А  Б  В  Г  Д  Е  Ж  З  И  Й  К  Л  М  Н  О  П  Р  С  Т  У  Ф  Х  Ц  Ч  Ш  Щ  Э  Ю  Я  AZ

 

Он чувствовал, как она несправедлива к нему, потому что в его отсутствие она всецело подпадала под влияние Тедди и его друзей и проникалась этой нелепой мыслью, будто раз начатая война может быть прекращена до окончательной победы или поражения.
Он начинал гневные письма и рвал их. Наконец он просто решил не касаться ее убеждений, а попытаться изобразить в своих письмах духовный облик честного, мужественного офицера, выполняющего порученное ему важное дело, которое только он один и может делать в Париже; он рвется к походной жизни и опасностям войны, он жаждет вернуться к своим боевым друзьям и с завистью следит за их подвигами на поле брани, но, верный своему долгу, он остается на своем менее славном, но не менее ответственном посту и делает свое дело, участвуя таким образом в героическом усилии, которое в конце концов приведет к победному завершению войны. Пусть его письмо своей благородной простотой покажет ей низкие антипатриотические происки ее сообщников. Он воздержится от прямых нападок.
Но даже и в таком стиле это было трудное сочинение. Не так-то просто было внести оттенок мрака и опасности в его описание Парижа.

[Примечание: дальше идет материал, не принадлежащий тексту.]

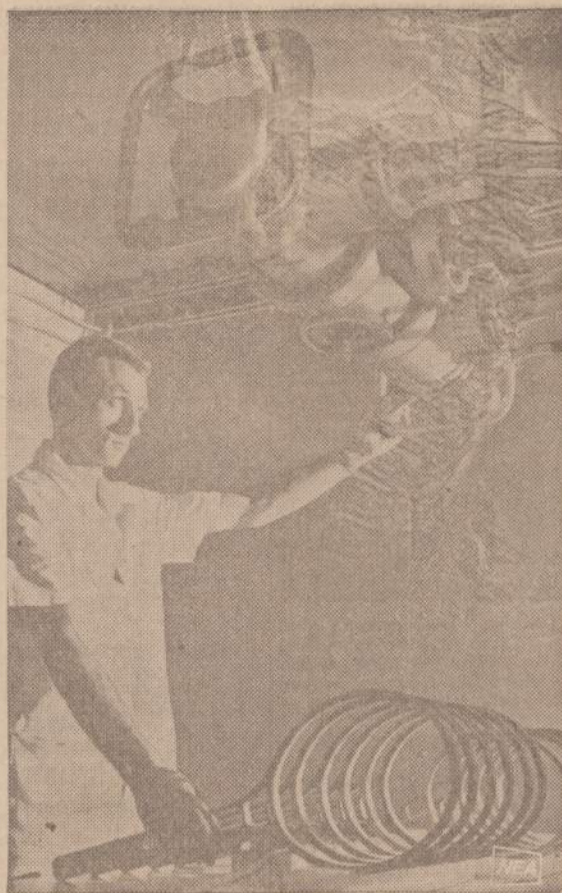
Teniso raketės pradėta gaminti iš lengvo metalo lydinio. Inspekto- rius raketes patikrina specialiais spinduliais, kad jose nebūtų oro burbulų ar kitų netikslumų.

В действительности Париж был в это время гораздо более веселое и безопасное место, чем Лондон. Правда, он находился под обстрелом больших дальнобойных орудий, он страдал и от воздушных налетов, но эти налеты не носили характера упорной преднамеренности воздушных атак на Лондон. В ресторанах было больше еды, на ночных улицах больше оживления, и не чувствовалось того мучительного гнета предстоящей разлуки, который навис почти над каждой веселой парочкой в Лондоне. Повсюду толклись американцы. У них было много денег и весьма незамысловатые, откровенные, наивные аппетиты. Их решимость испить Париж до дна так же, как и выиграть войну, была очевидна и действовала ободряюще. Они платили дань благодарности Франции-освободительнице в каждом ресторане, в каждом борделе. Они изрыгали свое глубокое моральное негодование против Германии и пламенно стремились выразить его в кровопролитии, резне и разгроме. Их манера изъясняться проливала какой-то необычный, новый свет на войну и на то, в» каком духе следовало ее вести. Теодор, вспоминая их шумное оживление, томился от скуки по вечерам. Иногда он отправлялся вечером на бульвар, в мюзик-холл или в кино и на обратном пути наталкивался на группы ревностных искателей наслаждений. Женщины приставали к нему, упорно не желая принять за отказ его «нет».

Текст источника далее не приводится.